Hop-on hop-off: Polysomes take a tour of the cell on endosomes

Isabel M Palacios 1,
PMCID: PMC3912529  PMID: 24493585

Abstract

After export from the nucleus, ribosomes need to be distributed throughout the entire cell so that protein synthesis can occur even at distant sites. In the elongated hyphal cell of the fungus Ustilago maydis, Higuchi et al. (2014. J. Cell Biol. http://dx.doi.org/10.1083/jcb.201307164) now demonstrate that polysomes associate with early endosomes that undergo kinesin 3– and dynein-dependent long-range motility. The bidirectional movement of early endosomes randomly distributes polysomes, which may ensure the even distribution of the translation machinery across the entire cell.

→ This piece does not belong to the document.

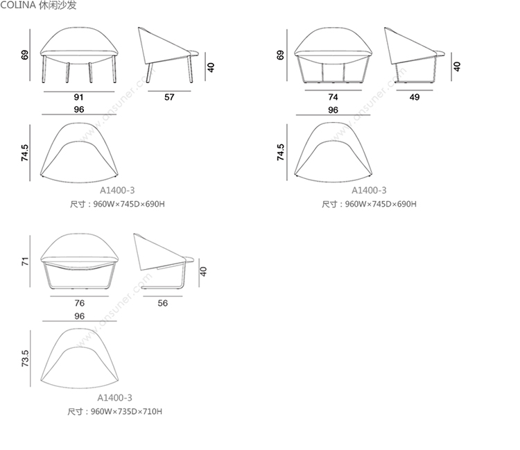 有3种尺寸可供选择:小型,中型和大型皮革或织物软垫。 小型,中型和大型版本采用软垫实心底座。 此外,Colina Medium有悬臂,雪橇和4腿木质底座。

In large cells, such as oocytes and neurons, the nucleus, where ribosomes are assembled, is distant from regions of the cell where local protein synthesis takes place. So, how is the distribution of ribosomes within the entire cell achieved? In neurons, ribosomal subunits are found in RNA granules, large macromolecular structures that contain RNAs and serve as motile units that translocate these transcripts to remote regions of the cell (Krichevsky and Kosik, 2001; Kanai et al., 2004; Elvira et al., 2006). Also in neurons, ribosomes associate with a cell surface receptor (the netrin receptor DCC), which has led to a model for localization of protein synthesis based on the interaction of the translation machinery with membrane receptors (Tcherkezian et al., 2010). Lastly, evidence suggest that ribosomes can even translocate into myelinated axons from Schwann cells (Court et al., 2008). In this issue, Higuchi et al. identify another mechanism of ribosome transport; they find that in the fungus Ustilago maydis, polysomes are actively transported on early endosomes (Fig. 1).

Figure 1.

Figure 1.

Modes of ribosome distribution. In U. maydis, ribosomes are distributed in the hyphal cell on microtubule tracks (black lines) by loading onto Rrm4 RNPs that are themselves hitchhiking on mobile early endosomes (A and D). This transport of ribosomes on early endosomes is the major mechanism for ribosome distribution in these cells, but it is unknown how conserved this mode of transport is in other systems. In addition to diffusion, and most likely facilitated diffusion by motor-mediated cytoplasmic streaming, ribosomes can also be distributed in the cell directly by motors (B; Bisbal et al., 2009; the ribosomal protein Po interacts with the motor Kif4) or as part of transported RNA granules (C; see main text). Ribosomes also interact with MTs through the motor protein Eg5 (Bartoli et al., 2011), although the possible link of this interaction with ribosome transport has not yet been explored. Dyn, Dynein; EJC, exon–exon junction complex; EE, early endosome; hnRNP, representing various hnRNPs bound to mRNAs; Kin3, kinesin 3; N, nucleus.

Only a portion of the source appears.